Pennsylvania Casinos Are Handing Out Less Free Slot Play
Posted on: August 28, 2017, 12:00h.
Last updated on: August 28, 2017, 12:19h.
Pennsylvania casinos were a tad more conservative during the most recent fiscal year when it came to divvying out free slot credit to patrons, and that might hint that gambling demographics are changing.
Pennsylvania’s 12 land-based floors aren’t alone in giving out less free spins, as casinos in West Virginia did the same.
The revelations were disclosed in recent revenue reports issued from the state’s respective gaming agencies. Behind only Nevada, Pennsylvania generates more casino revenue than any other state.
In Pennsylvania, casinos gave out $622.4 million in promotional play during the 2016/17 fiscal year, a nearly nine percent reduction from the state’s high in 2012/13 when it gave out $681.2 million. In the Mountain State, West Virginia’s five casinos awarded players $74.3 million, a 21 percent drop from 2011/12 when the gambling floors dished out $93.9 million.
End of an Era?
The baby boomers are now approaching 70 years of age or already there, with many fully retired and living on a fixed income. No generation has perhaps taken a liking to slot machines more than baby boomers, but younger generations don’t seem quite as keen on the games of chance.

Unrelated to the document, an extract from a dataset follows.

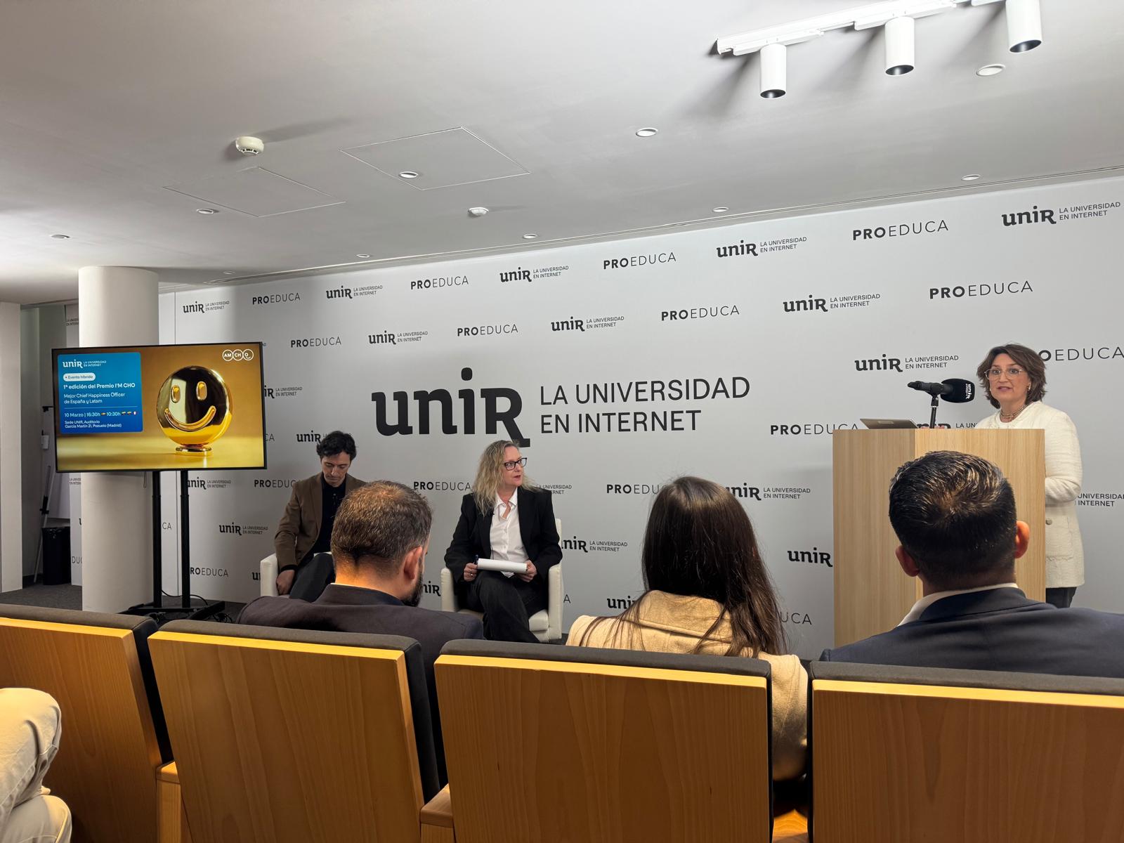 La Asociación Mundial de Chief Happiness Officers (AMCHO), junto con UNIR, celebró la primera edición de los premios I’M CHO, un evento que destacó por su buena organización.
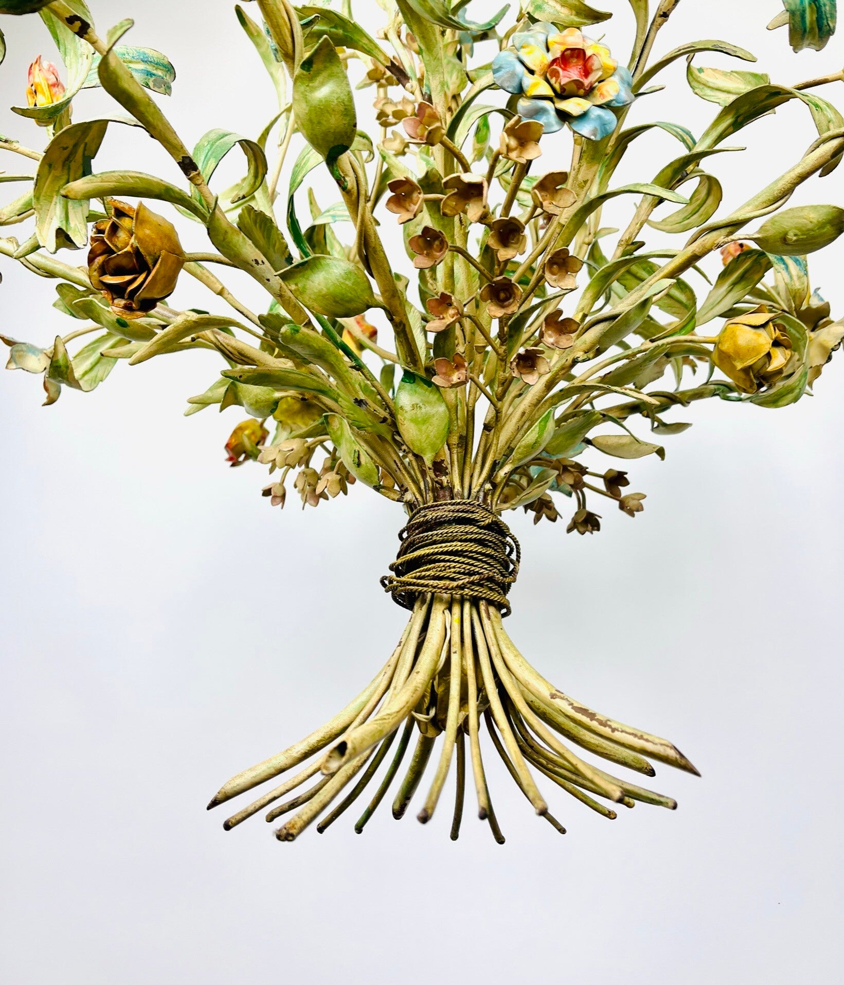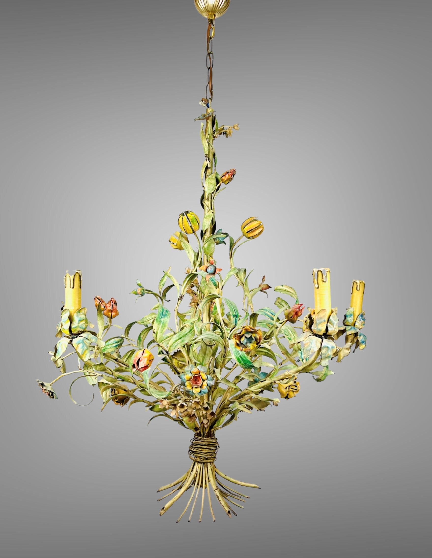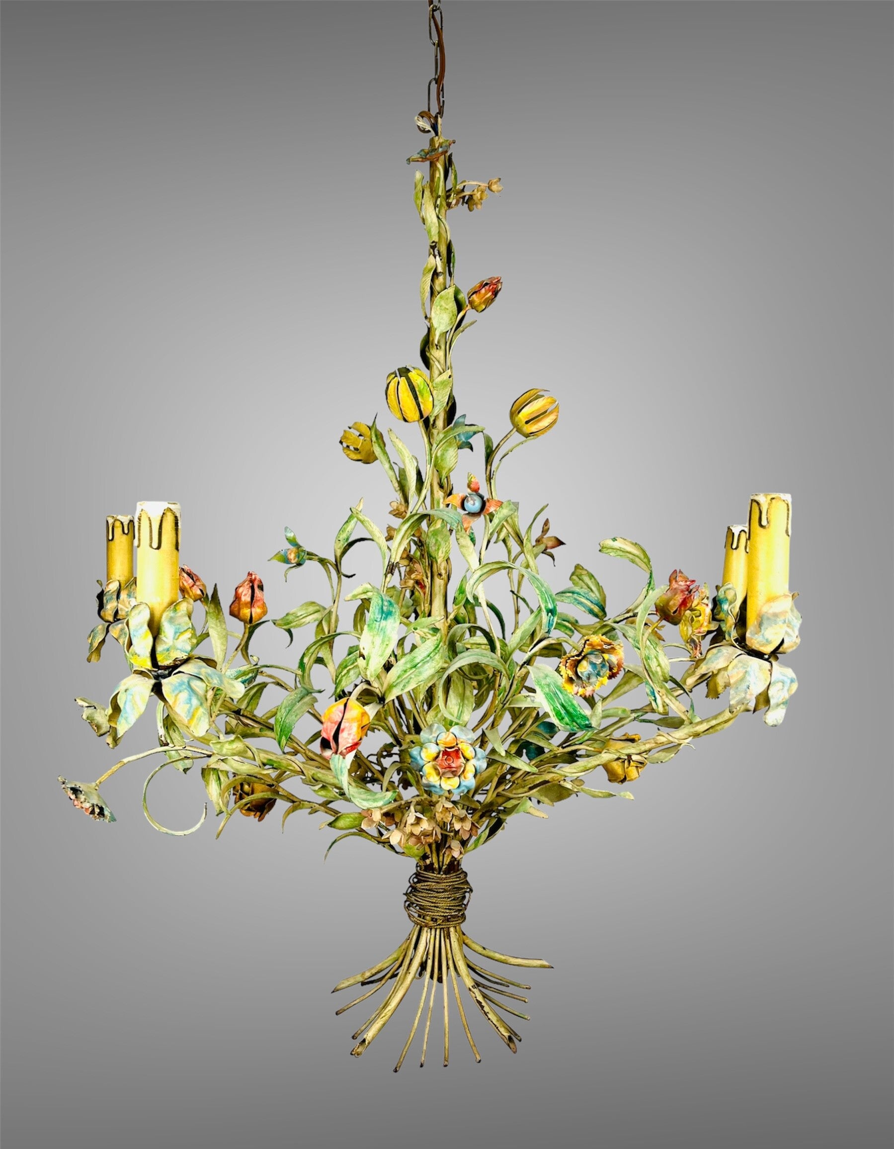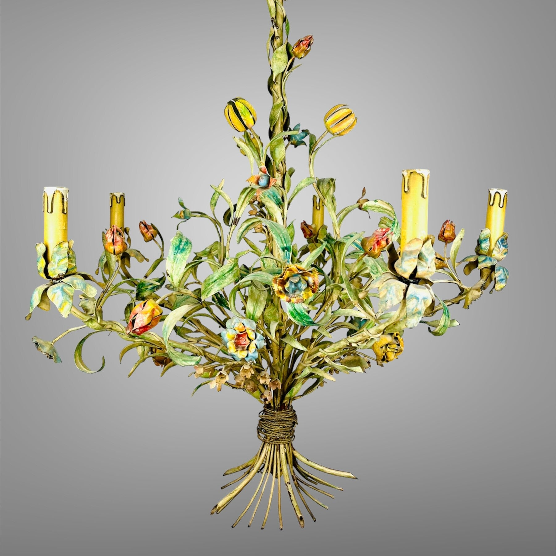 Italian Tole Chandelier - 1950s - Colorful Floral Bouquet

West Virginia and Pennsylvania casinos giving out less free slot play might hint that the baby boomer generation is getting older, and visiting less. Gaming consultant Vince Manfredi opined to the Tribune-Review, a Pennsylvania newspaper covering the slot story, that the strengthening economy could also be pushing free slot play down.

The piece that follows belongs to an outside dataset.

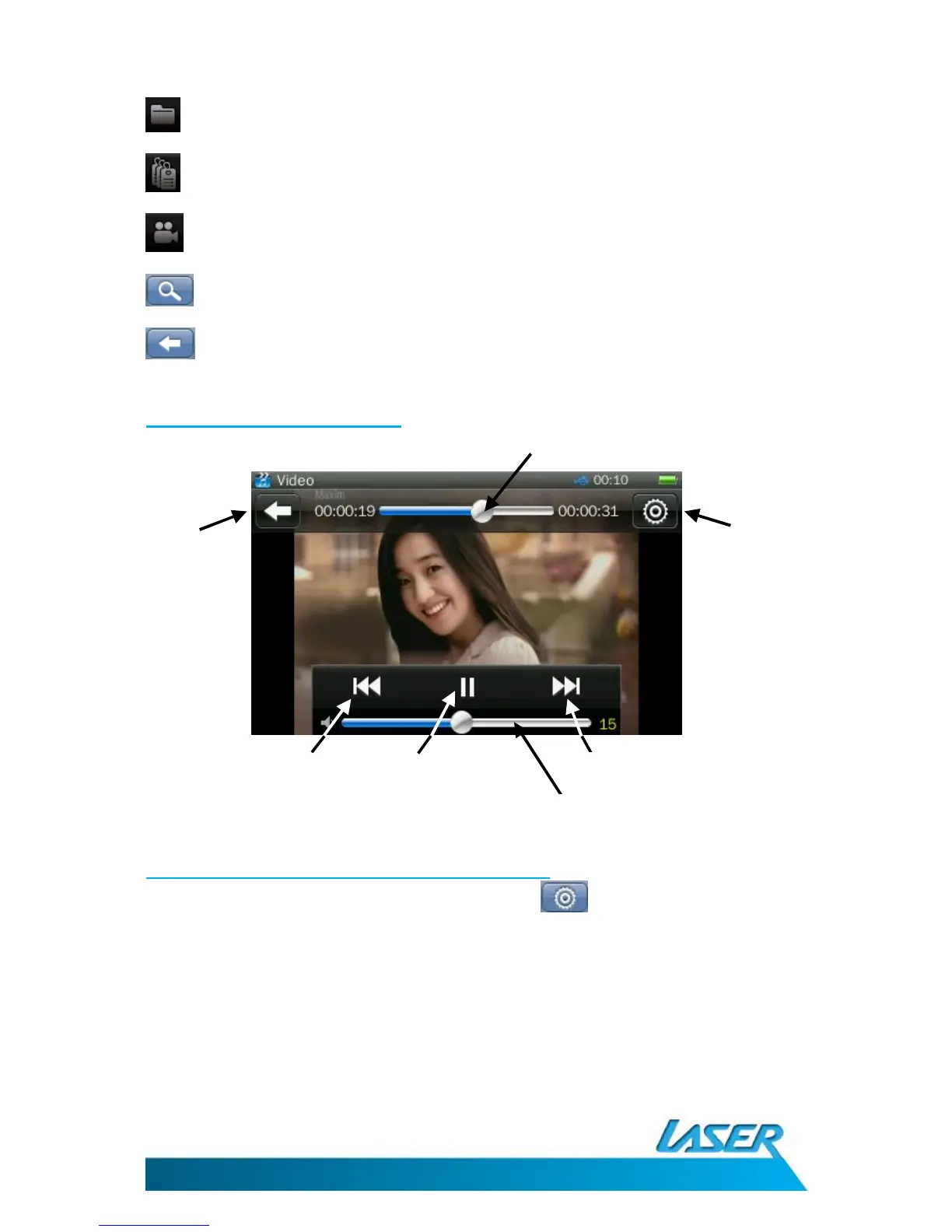 Video playback options - the settings icon

Manfredi believes casinos needed to do more a few years back to lure patrons when the recession was most hardly felt. But the consultant admits the more probable long-term reason is due to fewer boomers.

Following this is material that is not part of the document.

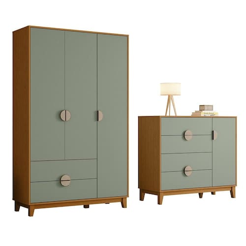 Este conjunto de guarda roupa e cômoda é o complemente perfeito para o seu quarto. Com um design moderno e funcional, estes móveis oferecem espaço de armazenamento extra para manter o seu espaço organizado e elegante. Adicione um toque de sofisticação ao seu espaço com este conjunto de guarda roupa e cômoda.
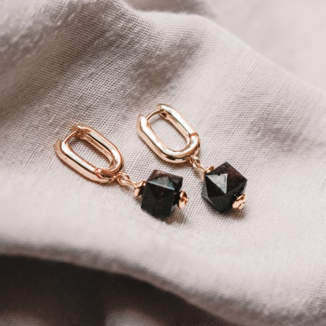 <BOUNDLESS> Small Cube Bead Earrings with Gold Hoops

Generation X, and especially the millennial, have less interest in slot machines, instead preferring games with some element of skill.
“The slot experience has to be reimagined to appeal to a younger audience,” Manfredi opined. “The younger person is not as inclined to play in a traditional slot experience because it doesn’t compare well with other kinds of electronic gaming experience, where there is competition, there is socialization, there is more entertainment value through the animation.”
Las Vegas Targets Millennials
When it comes to gambling innovation, Nevada and Las Vegas has always been the industry’s epicenter. In recent months, casinos in the Silver State have sought ways to make sure they’re adjusting to demand, and assuring that their floors remain active for decades to come.
From eSports and video game competitions, to skill-based gaming terminals that incorporate elements of traditional slot machines with aptitude, casinos are currently in a beta period trying to determine what appeals and what doesn’t.
MGM is perhaps the most active operator trying to develop a plan for the coveted millennial. Nevada’s largest employer recently opened the Level Up gaming and entertainment lounge inside the MGM Grand, an area dedicated to the 20 and 30-something crowd.
In addition to Level Up, MGM is also behind the “Fear of the Walking Dead Survival Experience,” a zombie-themed virtual reality attraction. Played in a 2,000-square-foot room, the game immerses players in a digital universe with live zombies played by actors.